▶ _Task details_
Go through the entries below and print each one exactly, leaving out pictures.

Stored data entries:
□ □ □ □
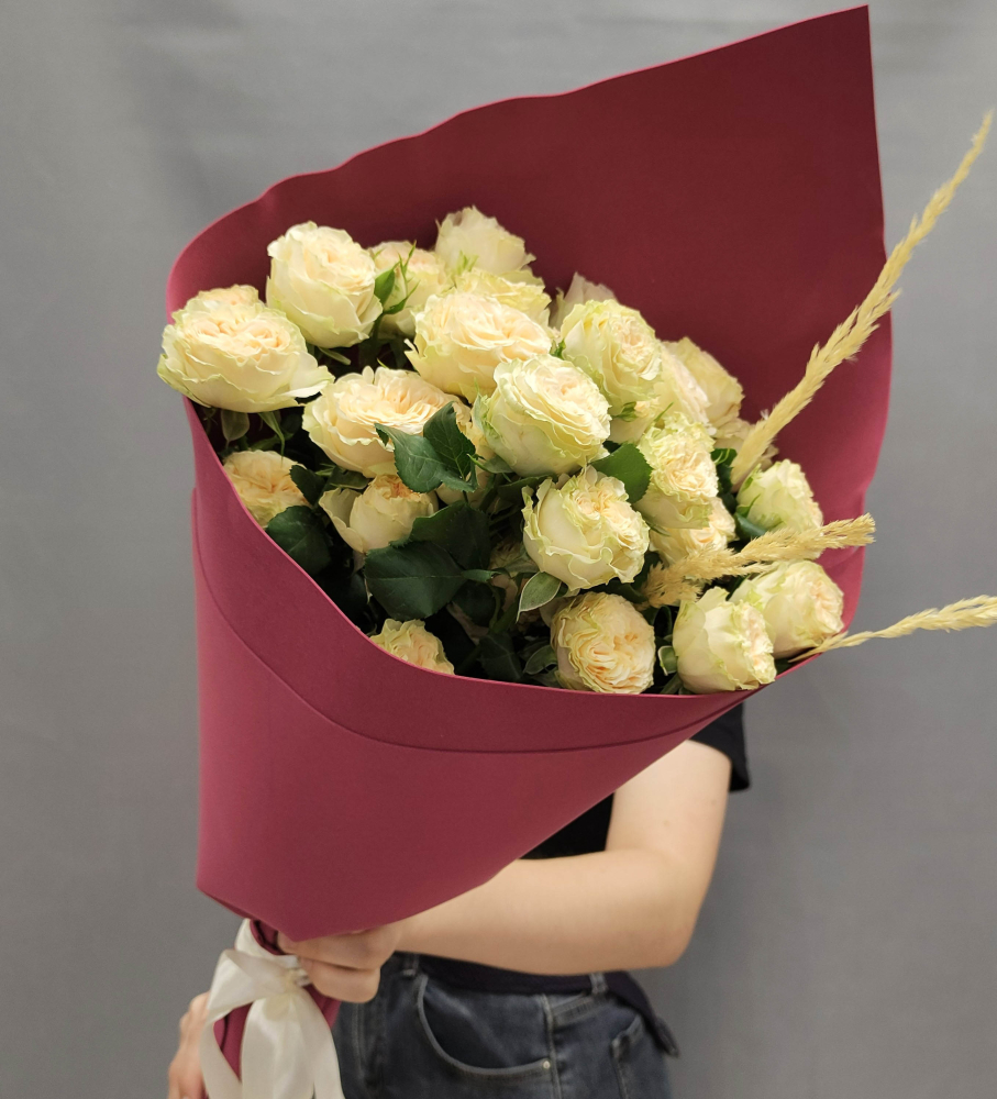 Букет из кремовых кустовых пионовидных розовых роз с эвкалиптом арт. 50416
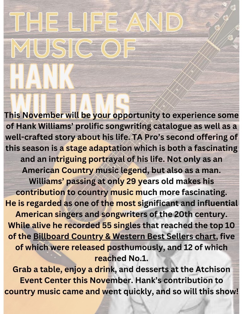 “The Life of Hank Williams” A Musical- Historical- Play Experience created by Theatre Atchison
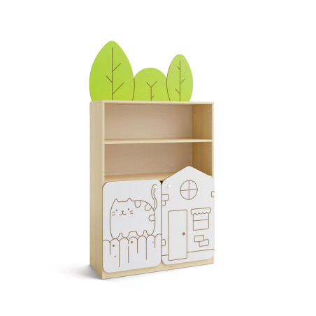 Realizzato in conglomerato nobilitato ligneo di classe E1 con 2 ante e decori in MDF laminato, sagomato e decorato con simpatiche pantografie. Dim. 100x40x140h cm, altezza totale con decoro 194 cm.
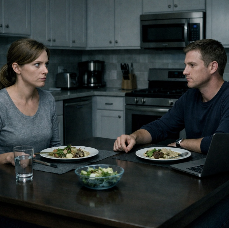 Mark siedział naprzeciwko mnie przy naszym stole z litego, odzyskanego drewna, przeżuwając kurczaka, którego przygotowanie zajęło mi dobrą godzinę – marynowanie, smażenie, polewanie sosem – jakby brałam udział w konkursie na Żonę Roku. Kuchnia pachniała rozmarynem, cytryną i tym rodzajem wysiłku, który nigdy nie pojawia się na pasku wypłaty.
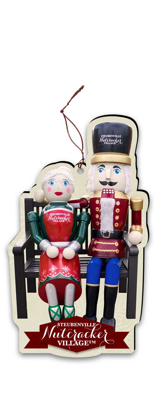 These miniature wood ornaments feature two-dimensional images of the eponymous stars of the Nutcracker Village™, the world's largest collection of life size nutcracker sculptures.
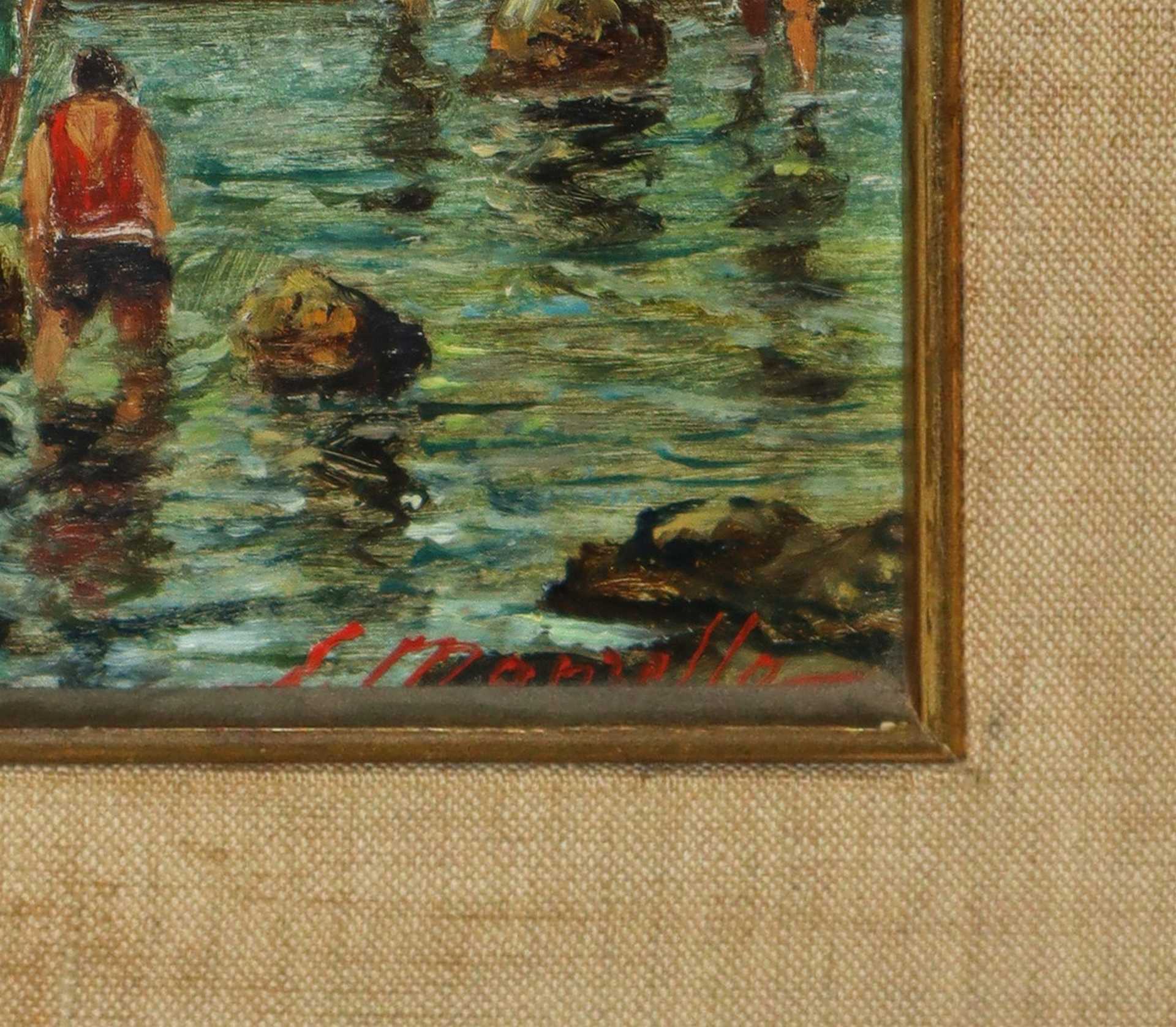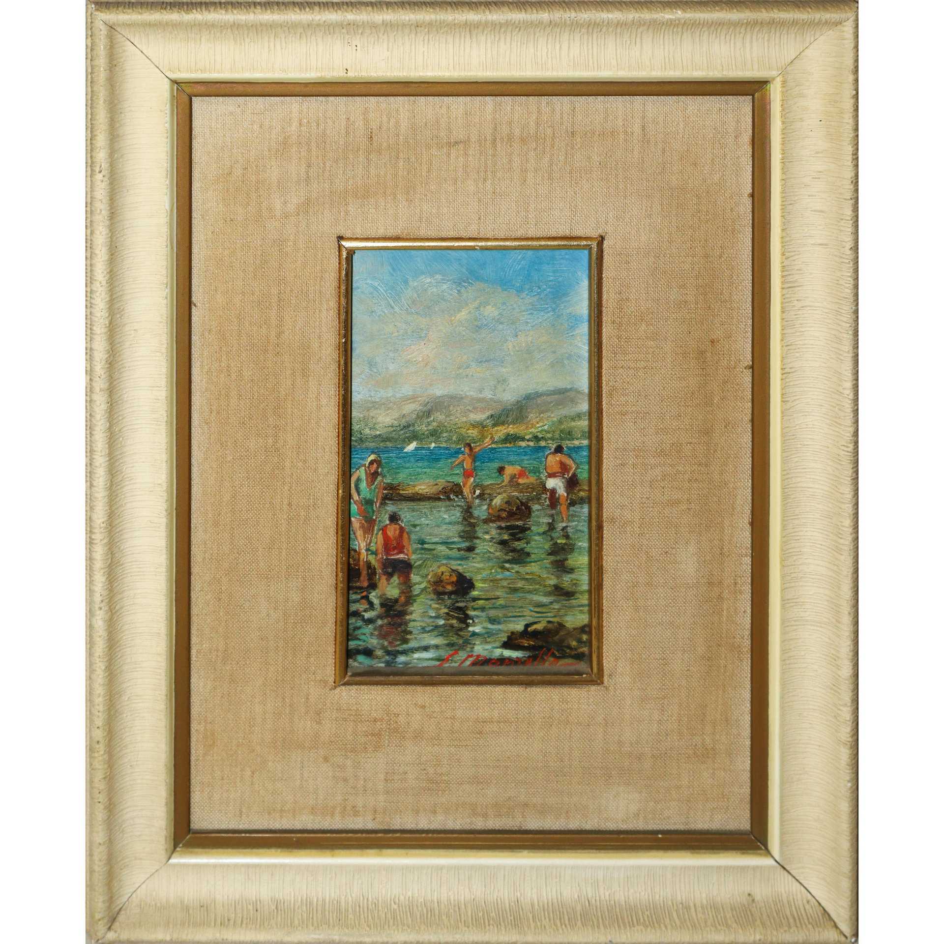 Salvatore Manzella (Palermo XX SECOLO) - Bagnanti H CM 28,5x22,5 Olio su tavoletta
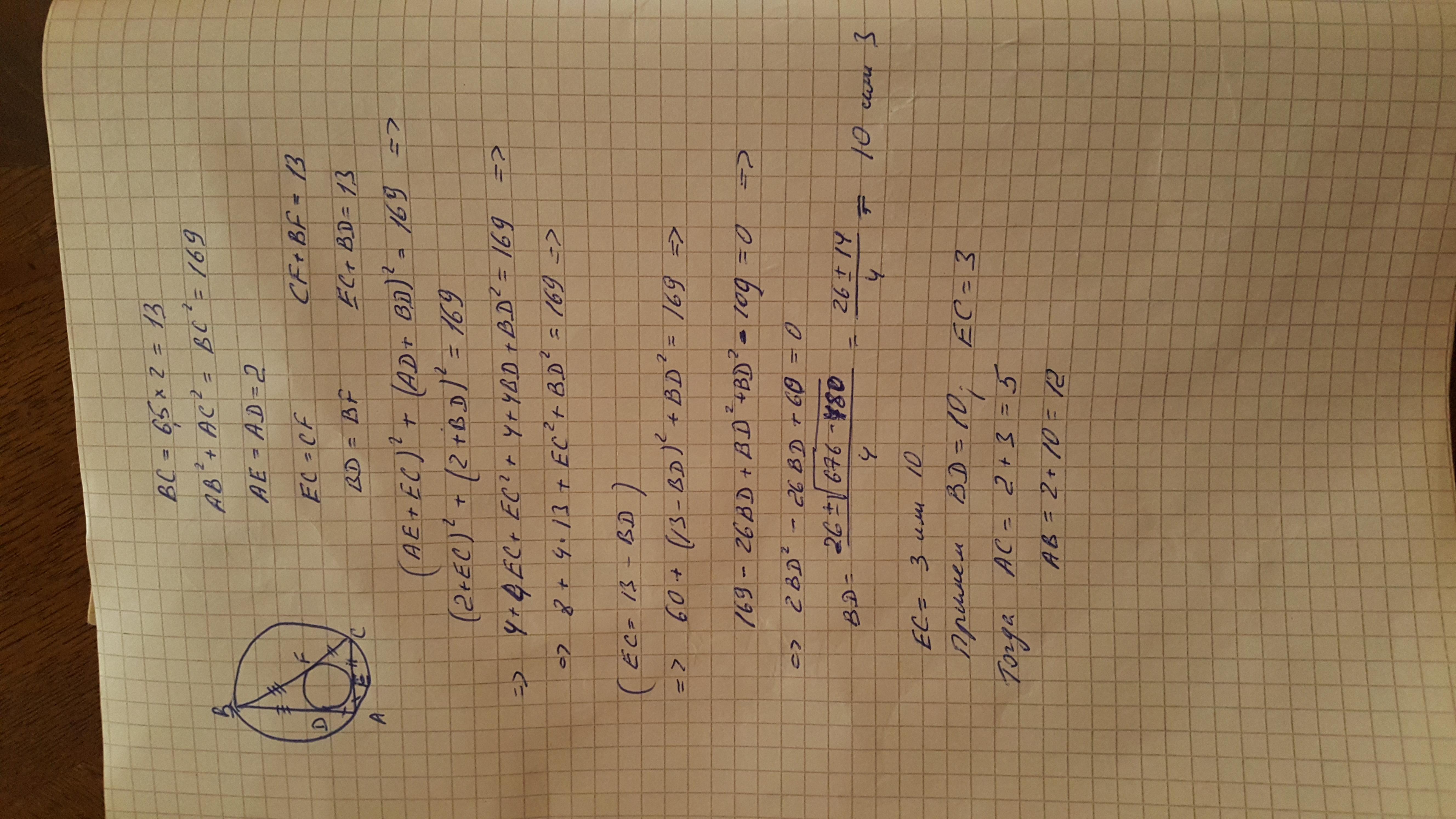 найдите катеты прямоугольного треугольника если известен радиус вписанной окружности 2,а радиус описанной окружности 6,5
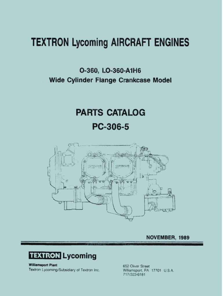 NEUTRON LycomingAIRCRAFT ENGINES O360, LO360A1H6 Wide Cylinder Flange Crankcase Departs CATALOG PC3065NOVEMBER. Williamsport Plant Tex tron Lycoming/Subsidiary652 Oliver Street of Tex tron Inc.1989TEXTRON
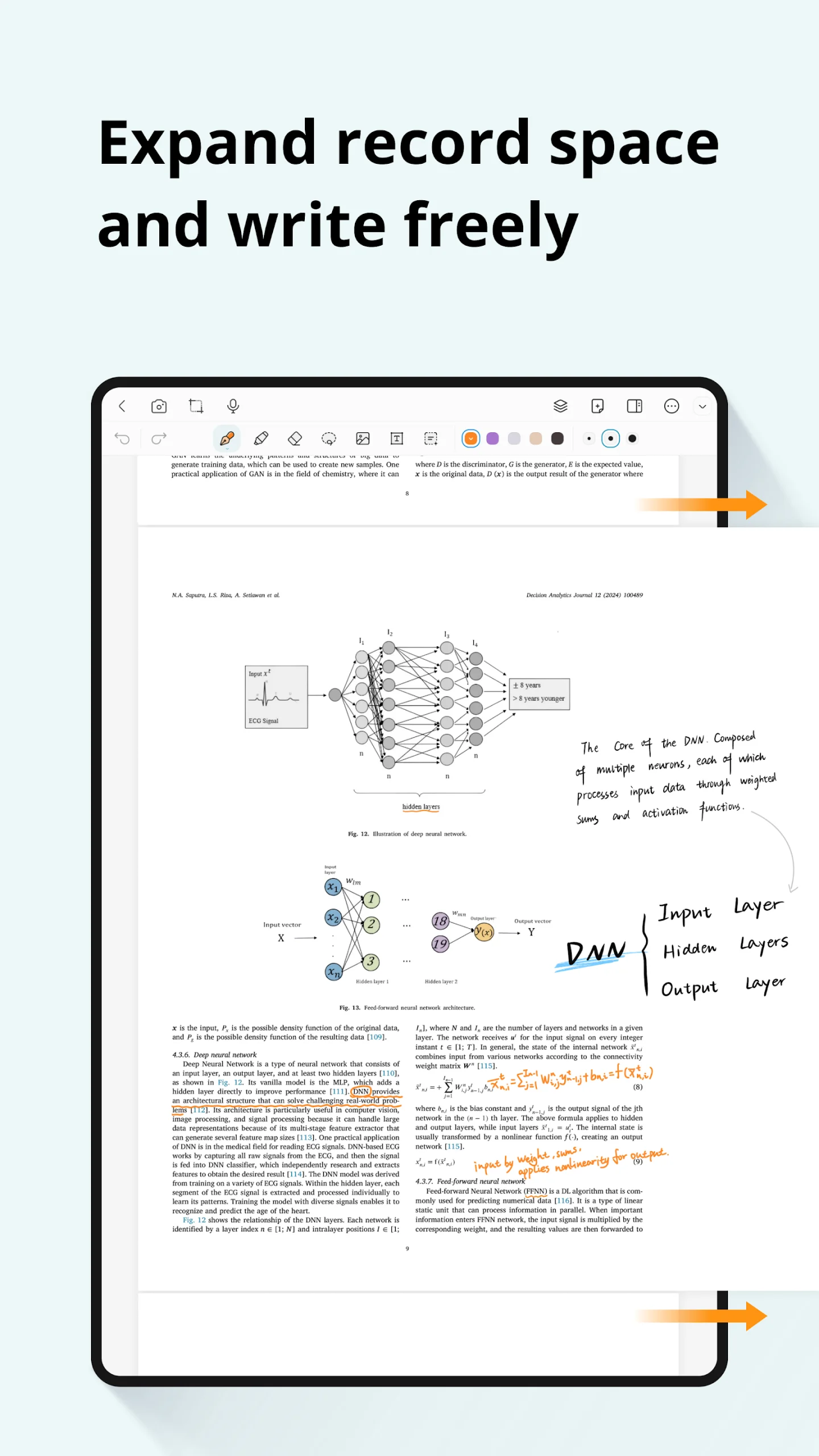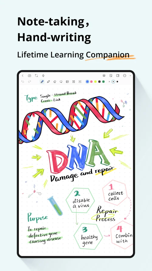 Enjoy a fluid, paper-like writing experience with customizable pens, highlighters, and brushes. Adjust thickness, opacity, and colors to match your style. Palm rejection and precision input make writing feel effortless.
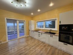 Дом каркасный, фундамент и сваи — железобетон, утеплитель 200 мм от Технониколь, поставлены стеклопакеты 70 мм, в доме три спальни, укомплектованная кухня, гостиная, гардеробная, а также бойлерная и 2 санузла, веранда для уютных теплых вечеров, все коммуникации уже подведены: электричество мощностью 30 кВт, газ проведен по границе участка, теплые пoлы, скважина и септик, оптоволоконный кабель.
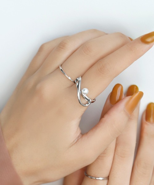 滑らかなカーブを描くメタルが、ニュアンスたっぷりな手元へと導いてくれるリング。パールが柔らかな光を放ち、女性らしい華やかな雰囲気をプラスします。どこか個性的なデザインのパールリングは、カジュアルなコーディネートのさりげないクラスアップにぴったりです♪※ATTENTION※■製造・輸送時についた微細なキズや、塗装剥げ、接着剤のはみ出しが見られる場合がございます。■パールの配置には若干の個体差がございます。上記は不良の対象外となりますので、予めご了承くださいませ。
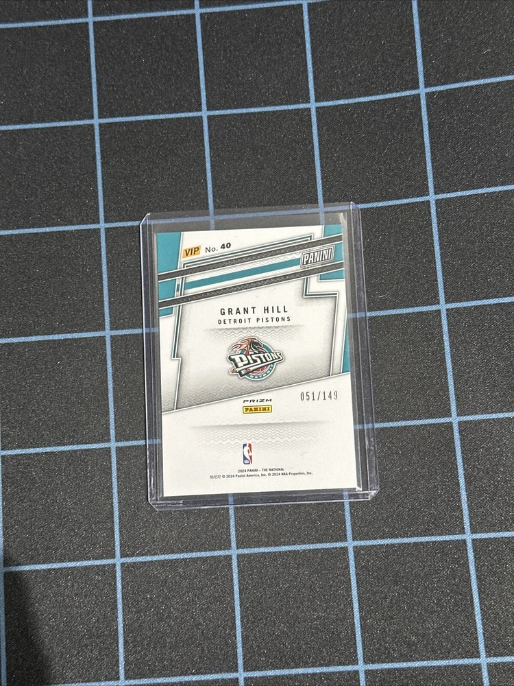 This 2024 Panini National Convention VIP Gold Packs trading card features Grant Hill, a basketball player from the Detroit Pistons team. The card is an original and licensed reprint with a serial number of 149. It is a short print with a Red Ice Prizm parallel/variety. The card is part of the National Basketball Association (NBA) league and is manufactured by Panini. It is a sports trading card with features that make it unique, including its design and rarity. This card is perfect for collectors who want to add a valuable item to their collection.
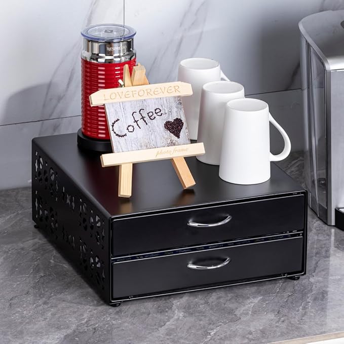 - 【Easy to Organize】Easy to pull out drawer and put in pods offer the best user experience. The unique hollow groove design perfectly matches the size of the K-cup.You don't need to line it up one by one, just put it in as you easy.Greatly save your coffee preparation time.
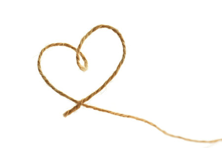 A close-up shot features a single strand of natural twine artfully twisted into the shape of a heart against a clean white backdrop.
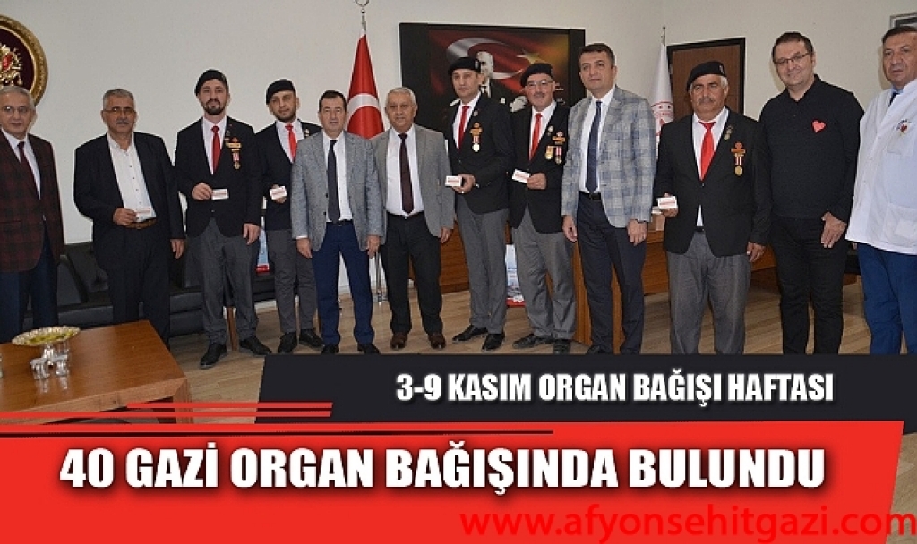 Türkiye Harp Malulü Gaziler, Şehit Dul ve Yetimleri Derneği Afyonkarahisar Şubesi üyeleri 40 Gazi, 3-9 Kasım Organ bağış haftası nedeniyle düzenlenen etkinlikte organlarını bağışladı.
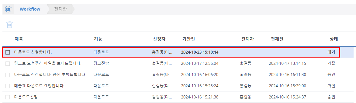 다운로드 워크플로우를 신청한 신청자가 표시됩니다.
□ □ □ □
▶ _Your response_
 Букет из кремовых кустовых пионовидных розовых роз с эвкалиптом арт. 50416
 “The Life of Hank Williams” A Musical- Historical- Play Experience created by Theatre Atchison
 Realizzato in conglomerato nobilitato ligneo di classe E1 con 2 ante e decori in MDF laminato, sagomato e decorato con simpatiche pantografie. Dim. 100x40x140h cm, altezza totale con decoro 194 cm.
 Mark siedział naprzeciwko mnie przy naszym stole z litego, odzyskanego drewna, przeżuwając kurczaka, którego przygotowanie zajęło mi dobrą godzinę – marynowanie, smażenie, polewanie sosem – jakby brałam udział w konkursie na Żonę Roku. Kuchnia pachniała rozmarynem, cytryną i tym rodzajem wysiłku, który nigdy nie pojawia się na pasku wypłaty.
 These miniature wood ornaments feature two-dimensional images of the eponymous stars of the Nutcracker Village™, the world's largest collection of life size nutcracker sculptures.
 Salvatore Manzella (Palermo XX SECOLO) - Bagnanti H CM 28,5x22,5 Olio su tavoletta
 найдите катеты прямоугольного треугольника если известен радиус вписанной окружности 2,а радиус описанной окружности 6,5
 NEUTRON LycomingAIRCRAFT ENGINES O360, LO360A1H6 Wide Cylinder Flange Crankcase Departs CATALOG PC3065NOVEMBER. Williamsport Plant Tex tron Lycoming/Subsidiary652 Oliver Street of Tex tron Inc.1989TEXTRON
 Enjoy a fluid, paper-like writing experience with customizable pens, highlighters, and brushes. Adjust thickness, opacity, and colors to match your style. Palm rejection and precision input make writing feel effortless.
 Дом каркасный, фундамент и сваи — железобетон, утеплитель 200 мм от Технониколь, поставлены стеклопакеты 70 мм, в доме три спальни, укомплектованная кухня, гостиная, гардеробная, а также бойлерная и 2 санузла, веранда для уютных теплых вечеров, все коммуникации уже подведены: электричество мощностью 30 кВт, газ проведен по границе участка, теплые пoлы, скважина и септик, оптоволоконный кабель.
 滑らかなカーブを描くメタルが、ニュアンスたっぷりな手元へと導いてくれるリング。パールが柔らかな光を放ち、女性らしい華やかな雰囲気をプラスします。どこか個性的なデザインのパールリングは、カジュアルなコーディネートのさりげないクラスアップにぴったりです♪※ATTENTION※■製造・輸送時についた微細なキズや、塗装剥げ、接着剤のはみ出しが見られる場合がございます。■パールの配置には若干の個体差がございます。上記は不良の対象外となりますので、予めご了承くださいませ。
 This 2024 Panini National Convention VIP Gold Packs trading card features Grant Hill, a basketball player from the Detroit Pistons team. The card is an original and licensed reprint with a serial number of 149. It is a short print with a Red Ice Prizm parallel/variety. The card is part of the National Basketball Association (NBA) league and is manufactured by Panini. It is a sports trading card with features that make it unique, including its design and rarity. This card is perfect for collectors who want to add a valuable item to their collection.
 - 【Easy to Organize】Easy to pull out drawer and put in pods offer the best user experience. The unique hollow groove design perfectly matches the size of the K-cup.You don't need to line it up one by one, just put it in as you easy.Greatly save your coffee preparation time.
 A close-up shot features a single strand of natural twine artfully twisted into the shape of a heart against a clean white backdrop.
 Türkiye Harp Malulü Gaziler, Şehit Dul ve Yetimleri Derneği Afyonkarahisar Şubesi üyeleri 40 Gazi, 3-9 Kasım Organ bağış haftası nedeniyle düzenlenen etkinlikte organlarını bağışladı.
 다운로드 워크플로우를 신청한 신청자가 표시됩니다.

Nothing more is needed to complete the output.